Deep dynamic co-clustering of count data streams: application to pharmacovigilance
DOI:
https://doi.org/10.52933/jdssv.v4i4.106Keywords:
co-clustering, change-points detection, zero-inflated distribution, online inference, VEM algorithm, data streamAbstract
Co-clustering is a widely used technique that allows the analysis of complex
and high-dimensional data in various domains. However, existing models
mostly concentrate on continuous and dense data in fixed time situations, where
cluster assignments remain unchanged over time. For example, in the field of
pharmacovigilance, it is crucial to cluster in real time drugs and adverse effects
simultaneously, facilitating the automation of safety signal detection processes.

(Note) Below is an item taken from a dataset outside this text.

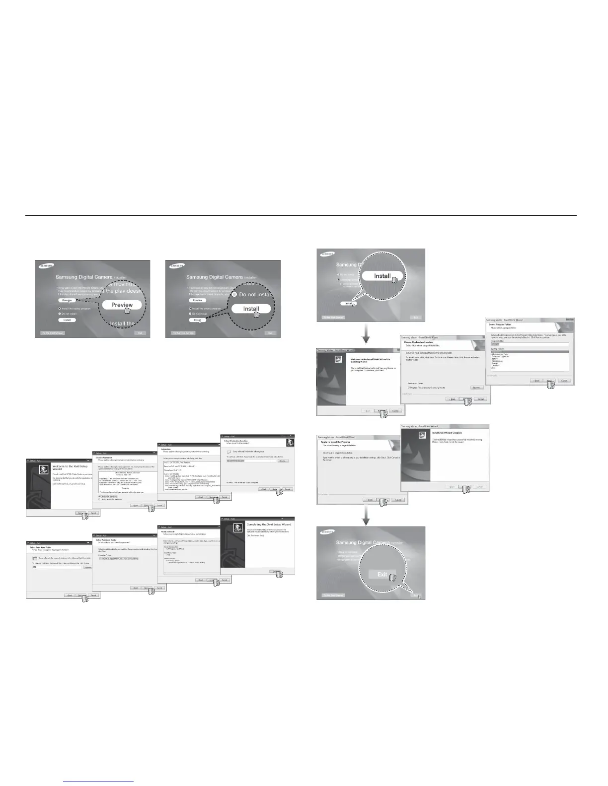 4. Install the software by instructions on the monitor.3. To play back the movie clip recorded with this camera on the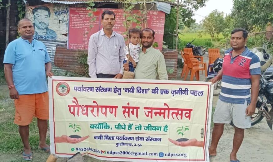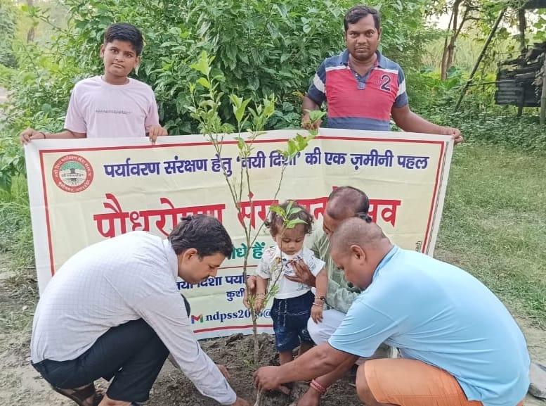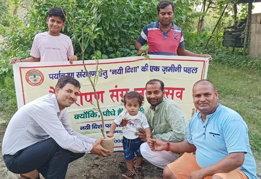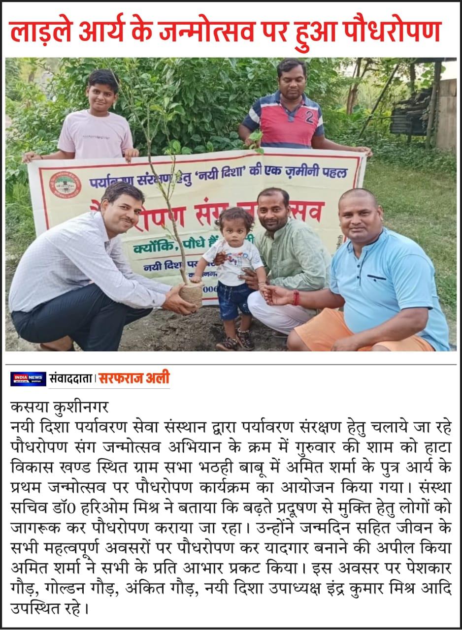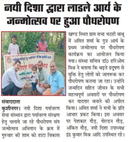 संस्थान द्वारा पर्यावरण संरक्षण हेतु चलाये जा रहे पौधरोपण संग जन्मोत्सव अभियान के क्रम में हाटा विकास खण्ड स्थित ग्राम सभा भठही बाबू निवासी श्री अमित शर्मा के लाडले आर्य के जन्मोत्सव की प्रथम वर्षगांठ पर पौधरोपण कार्यक्रम का आयोजन किया गया। इस अवसर पर श्री पेशकार गौड़, श्री गोल्डन गौड़, श्री अंकित गौड़, नयी दिशा उपाध्यक्ष श्री इंद्र कुमार मिश्र, सचिव डॉ0 हरिओम मिश्र आदि उपस्थित रहे।

However, traditional co-clustering methods require all the data to be loaded into
memory, which can be a challenge for large datasets or even impossible in certain
scenarios. The proposed online co-clustering model is designed to overcome this
challenge by processing the data incrementally, one step at a time. This work
introduces a novel inference process for the latent block model that addresses the
challenge of online co-clustering of sparse data matrices. To properly model this
type of data, we assume that the observations follow a time and block dependent
mixture of zero-inflated distributions, thus combining stochastic processes with
the time-varying sparsity modeling. To detect abrupt changes in the dynamics
we make use of a Bayesian online change point detection method on both
cluster memberships and data sparsity estimations. The inference relies on an
original variational procedure whose maximization step trains a LSTM neural
network in order to solve the dynamical systems. Numerical experiments on simulated
datasets demonstrate the effectiveness of the proposed methodology in the
context of count data streams. Then, we fit the model to a large-scale dataset
supplied by the Regional Center of Pharmacovigilance of Nice (France), providing
meaningful online segmentation of drugs and adverse drug reactions.